Boise State’s second annual Research Month is April 2018. Research Month celebrates the diverse and fascinating array of research happening each day on campus.
Even as researchers search for signs of life elsewhere in the universe, fundamental questions about how life can begin have yet to be answered. Fortunately, institutions including NASA fund research on the origin and early evolution of life. Understanding how life can begin will help define what makes Earth habitable, and help define where to look for life elsewhere in the universe as well as what to look for.
Boise State’s Eric Hayden, an assistant professor of biology, recently was named principal investigator of a three-year, $661,104 grant from NASA to study how early mutations in ribonucleic acid (RNA) molecules could have given rise to the evolution of life on Earth. His research is in collaboration with Andreas Wagner from the University of Zurich, Switzerland. The grant will support a post-doctoral researcher (Clementine Gibard) as well as students working toward graduate degrees.
“I’ll be studying how genetic changes, or mutations, interact with environmental changes,” Hayden explained. “There is a paradigm well accepted in ecology and evolution that the traits we observe in living organisms are not only dependent on genes but the environment those genes reside in. This research will take this concept down to the molecular level to see how RNA interacts with the environment, and when we manipulate that environment, to see what new structures and functions are present.”

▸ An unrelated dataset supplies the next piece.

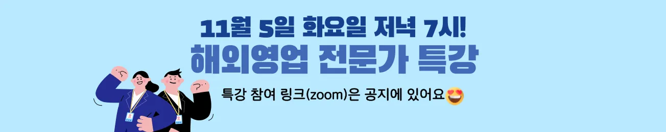 11/5 화요일 저녁 7시부터 해외영업 전문가 특강이 비대면으로 진행됩니다.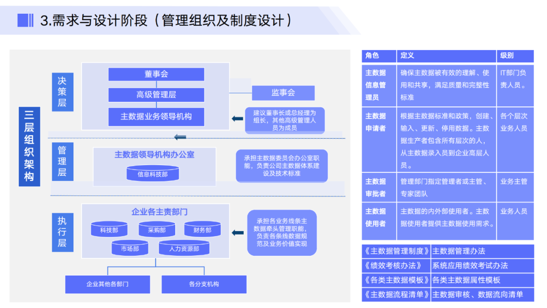 建立专门的主数据管理组织,设立专职岗位,明确各级别人员的职责权限。

Living organisms require numerous enzymes. In the origins and early evolution of life, these enzymes were thought to be predominantly RNA molecules. Through his research, Hayden will investigate how environmental change alters the properties of RNA molecules, which enable them to evolve new functions. Hayden will use modern “high-throughput sequencing” technologies to make billions of measurements of RNA molecules that are evolving in a test tube. From this, he will be able to look at how mutations and the environment interact to produce functional molecules.

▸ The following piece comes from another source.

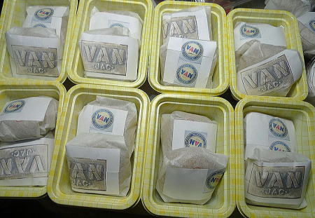 VAN JACKET社章 ( 四角 ) と水貼りスティッカー ( 丸型 ) がプリントされた、OBOG会の “ おみや ” ・・・?

As a model environmental variable, Hayden will alter the amount of the chemical element magnesium. Magnesium is necessary for RNA to fold and carry out its function. Hayden will look at that exact same collection of molecules and change the environment – i.e. the magnesium levels – in a systematic way to observe how RNA molecules respond. By assigning a relative activity, or “fitness” to each sequence, Hayden will be able to construct empirical fitness landscapes that unfold into peaks and valleys depending on magnesium levels. For a given RNA sequence, fitness will change if the reaction conditions change.
This video, created by Bjørn Østman and Randy Olson, gives a good visual representation:
“Some molecules will require vary little magnesium to maximize their function, but they may not ultimately be as good as molecules that require more magnesium,” Hayden explained. “These gives one the image of an undulating landscape, the peaks in the fitness landscape are changing in response to the amount of magnesium. These have been called ‘seascapes’ instead of ‘landscapes.’”
In addition, interactions with collaborator Andreas Wagner will be important for advancing computational tools needed to analyze and visualize the results of the research. The project will require computational data analysis and the modeling of evolution, which “will contribute to our efforts on campus to expand the computational capacity of students and researchers,” Hayden explained.